Toronto ravers are trying to be so reasonable.

They have worked with City Council to draft the Protocol for the Operation of Safe Dance Events. The Toronto Dance Safety Committee has tried to make sure paramedic teams are at all the big parties.

And this week, at the inquiry into the death of 20-year-old Allan Ho, ravers are explaining that the primary cause of ecstasy-related death is dehydration. Therefore, they say, most of the risk from the drug can be eliminated at raves simply by making sure there is unlimited access to water and proper ventilation. What the ravers are only just beginning to understand is that none of this matters. The rave uproar, like all drug wars, isn't about safety, it's about politics. It's about the fact that a lot of parents don't understand their own kids: the way they dress, the music they listen to, the thing with the pacifier lollipops.

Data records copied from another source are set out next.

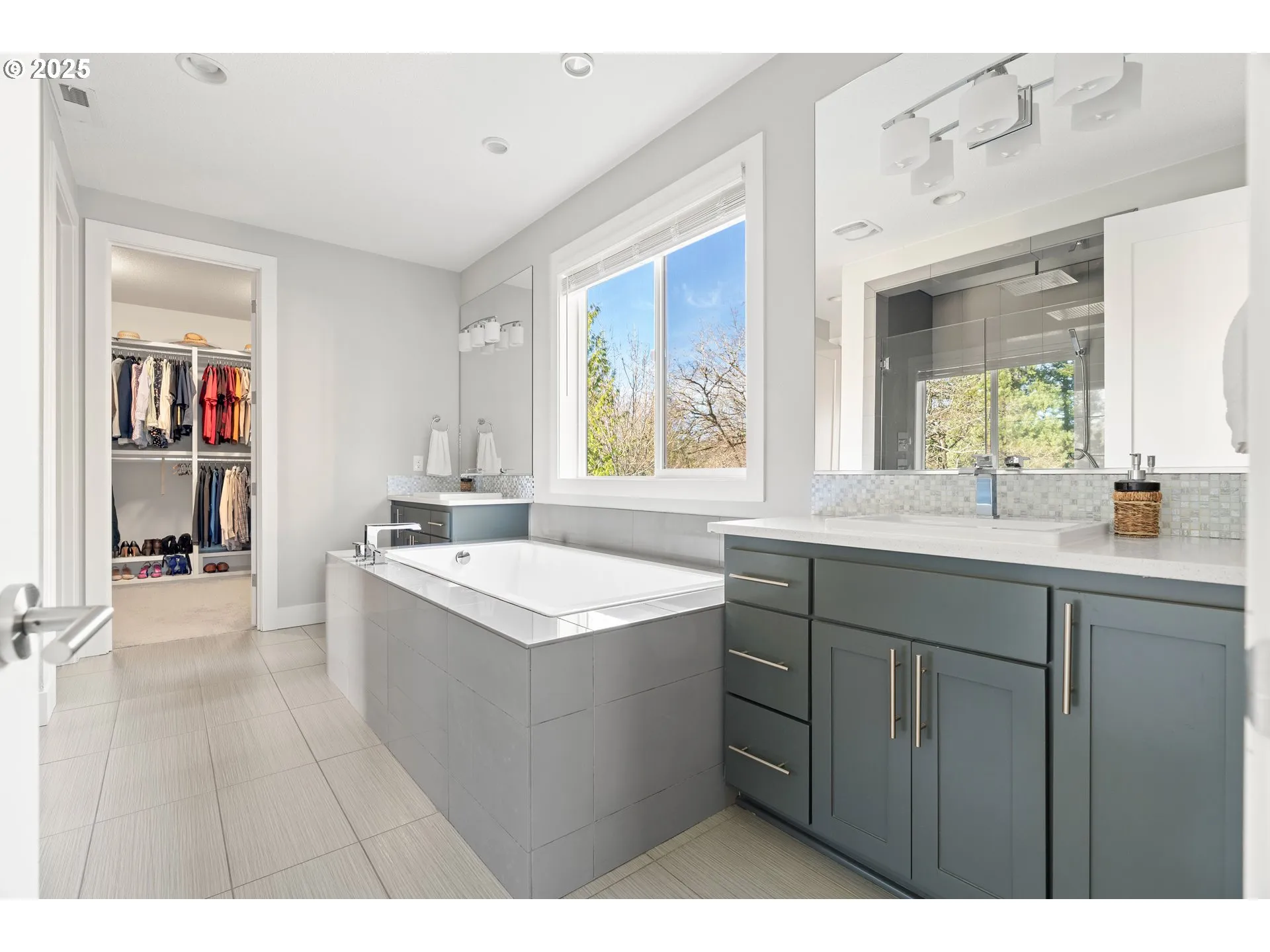 A rare modern retreat in the heart of Cedar Mill, this stunning contemporary home blends striking design with exceptional craftsmanship on an expansive, nearly 0.3-acre setting. Thoughtfully executed with premium finishes and an open, flowing layout, this home offers both sophistication and everyday livability. Inside, soaring ceilings and abundant natural light create an airy, gallery-like feel. The main level is anchored by wide-plank floors and a stunning chef’s kitchen featuring quartz countertops, a waterfall-edge island, a walk-in pantry, a butler’s pantry, and high-end Jenn-Air appliances. A spacious den with French doors provides a quiet workspace or flexible guest space. Upstairs, the luxurious primary suite offers a private sanctuary, featuring a tiled walk-in shower, double vanity, soaking tub, custom-designed walk-in closet, and direct access to the laundry room for added comfort. The floor plan supports easy everyday living, with all bedrooms and a bonus room conveniently located upstairs alongside the laundry room. Designed for year-round enjoyment, the partially covered patio overlooks a fully fenced, expansive backyard with potential for a sport court or play structure. A generous 3-car garage offers ample space for storage, tools, and recreation gear. With refined contemporary style, premium materials, and expansive indoor–outdoor living, this home delivers a rare combination of quality and comfort within a coveted top-rated school district, and is also close to parks, restaurants, and grocery stores.
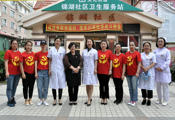 锦湖社区干部职工及居民与我院内三党支部义诊团队合影留念
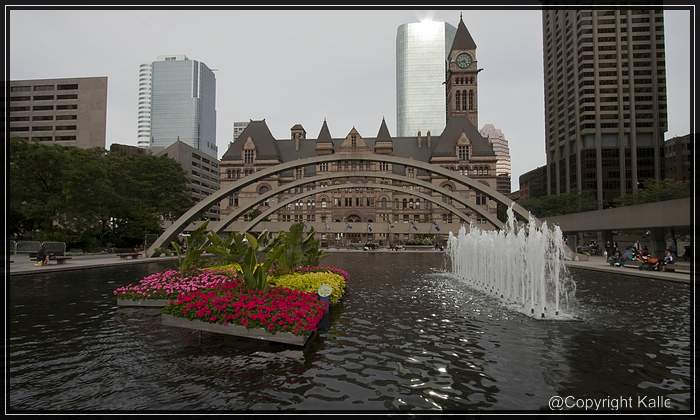 Tiff ist überall in der Stadt, so auch am Rathaus. Am Abend gelangen wir noch einmal zum Dundas Square, hier hören wir uns Livemusik an, bevor es zum Hotel geht. Diesmal kennen wir den Weg und sind in wenigen Minuten am Ziel.
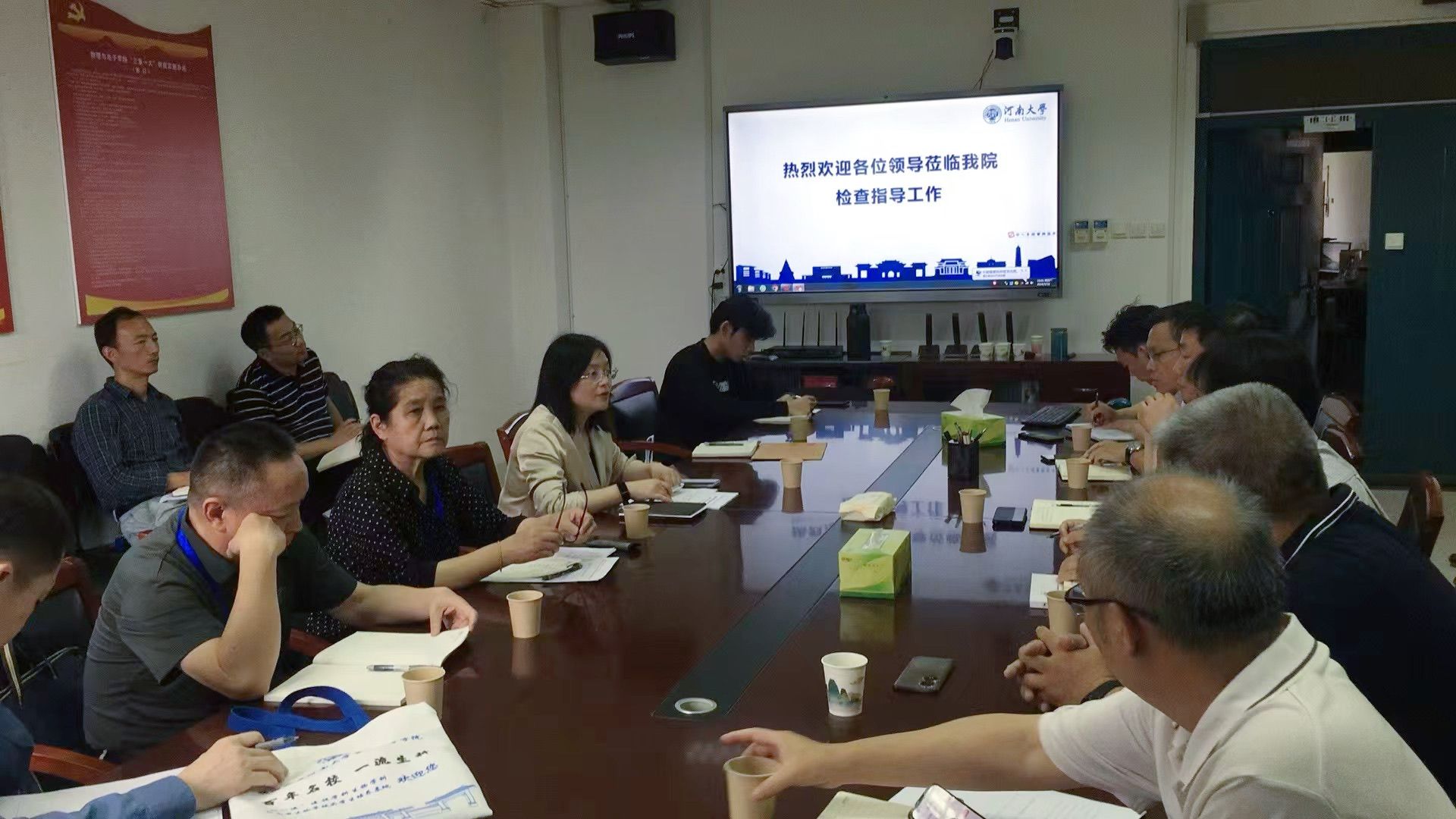 为进一步规范本科教学秩序,深化“学生中心”“两性一度”“课程思政”教学理念,并扎实推进本科教育教学审核评估工作,2024年5月16日,河南大学教务处副处长张琨一行6人莅临spbo完场比分 进行期中教学检查并部署推进本科教学审核工作。spbo完场比分 班子成员张慧、李国强、刘寒冰、魏高明、李新营、刘名果,以及院本科教学督导组、各系主任、教务办主任参加会议。
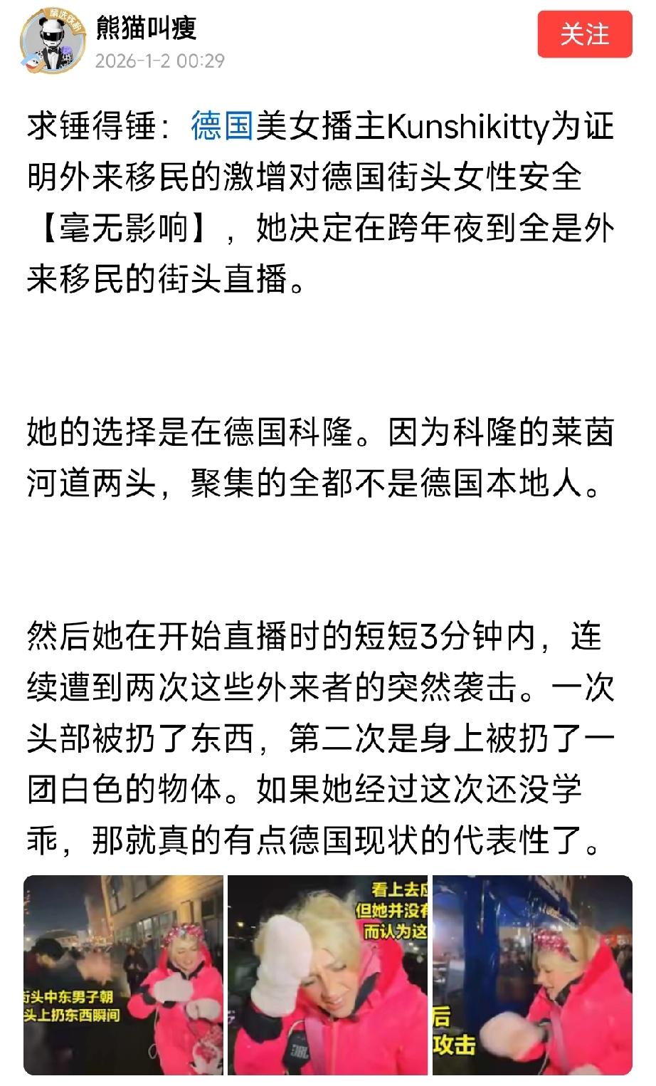 这个女主持人应该也算是欧洲精英了,料想应该也是一个精美者。估计她这是想要用自身行动来验证奥巴马、拜登的"多元"化是对的,当今的特朗普是错的。结果却是撞上了迎面飞来臭鸡蛋。不过话又说回来,既然难民是北约国家创造出来的,接收难民自然是责无旁贷,否则就无法证明西方所谓自由世界的“光辉形象”。 说句不好听的,某种意义上来说,这何尝不是一种因果报应?在这方面,希望我国千万莫要跟风操作,盲目引进外来民。近段时间看到了不少关于外国人在景区游泳洗澡,高铁臭脚丫子乱伸等乱相。在这方面,我们没有制造难民,也没有接收难民的理由。
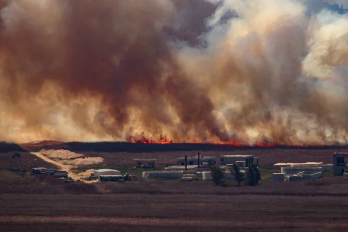 النيران تشتعل في حقول زراعية بسهل مرجعيون الحدودي مع إسرائيل في جنوب لبنان جراء قصف إسرائيلي (أ.ف.ب)
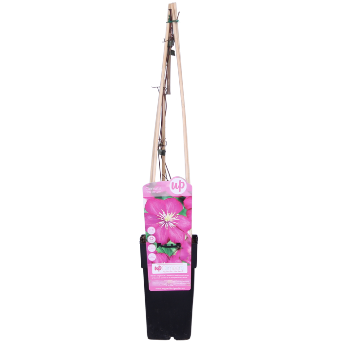 Clematis Ville de Lyon’ behoort tot de Patens groep. Deze groep clematissen bloeit met de grootste bloemen. Ze bloeien twee keer per jaar. De eerste bloei vindt plaats rond mei-juni met volle, donkerroze bloemen en een tweede bloei volgt tussen juli en september. Snoeien hoeft niet maar kan wel wanneer deze klimplant bijvoorbeeld te groot wordt. Dit kan bij de Clematis het beste na de eerste bloei, omdat deze bosrank bloeit op oud hout. De klimplant heeft wel draden of een hekwerk nodig, zodat de uitlopers zich daaraan kunnen bevestigen. Het liefst staat deze clematis op een zonnige standplaats, maar halfschaduw verdraagt de clematis ook goed. Dit maakt de clematis geschikt voor de meeste plekken in je tuin, erg handig! De wortels van de clematis moeten wel in de schaduw en koelte staan. Zorg dat er altijd iets voor de voet van de plant groeit en plant de clematis dieper in de grond. Zo wordt hij beschermd tegen de vervelende verwelkingsziekte die de bovengrondse stengels kan aantasten, onder de grond blijft de plant gezond.
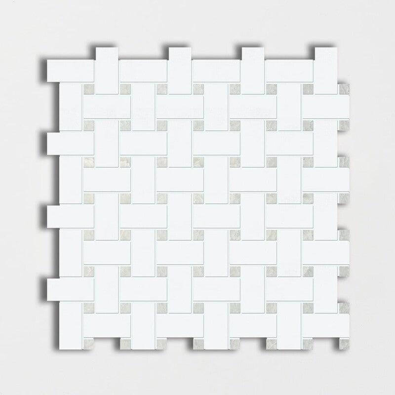 Diana Royal, Snow White Honed Classic Lattice Marble Mosaic (MYS)
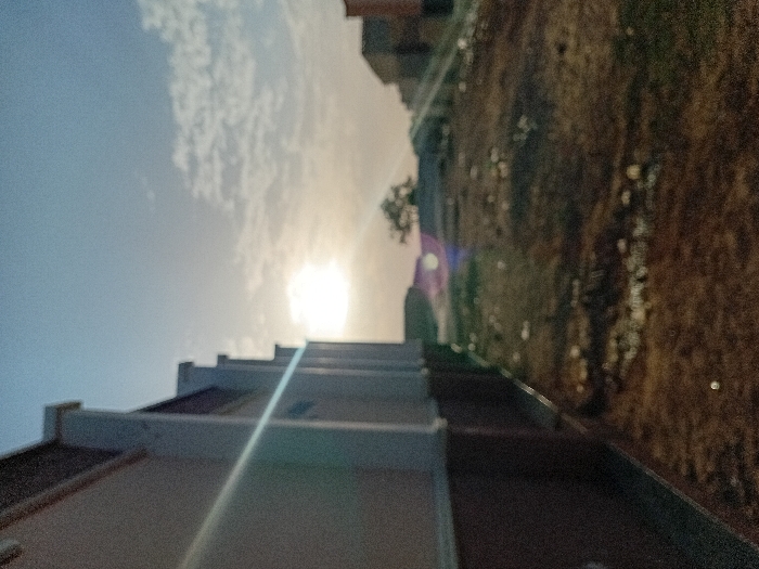 A view of outdoor stairs leads to a bright, diffused sun in a cloudy, blue sky. A building element is to the left of the stairs. To the right of the stairs is dirt and sparse vegetation with a few small buildings visible in the background. The image has lens flare effects. The photograph is taken from a low angle.

Which provides a great political opportunity for Toronto Police Chief Julian Fantino to step up for National Daddy Duty—to claim he knows exactly what those sinister lollipops and teddy-bear backpacks are all about. Drugs and violence, that's what. The only solution is to shut them down.

Kim Stanford, a registered nurse and chair of the Toronto Dance Safety Committee, has tried to counter this fear-mongering with reasoned statistics: Of Ontario's nine ecstasy-related deaths last year, only three were clearly associated with raves. Others point out that there were 6,503 alcohol-related deaths in Canada in 1995 (a stat overlooked by Heritage Minister Sheila Copps when she held up a Molson commercial as an example of our proud national identity).

Although Chief Fantino has done his best to toss shootings at after-hours clubs into his anti-rave crusade, Ms. Stanford and others have countered that these incidents did not take place at raves, but at private clubs. Ecstasy, as anyone who has seen its effects in action can attest, is a love drug. Its users are more likely to be guilty of cloying hugging than handgun offences.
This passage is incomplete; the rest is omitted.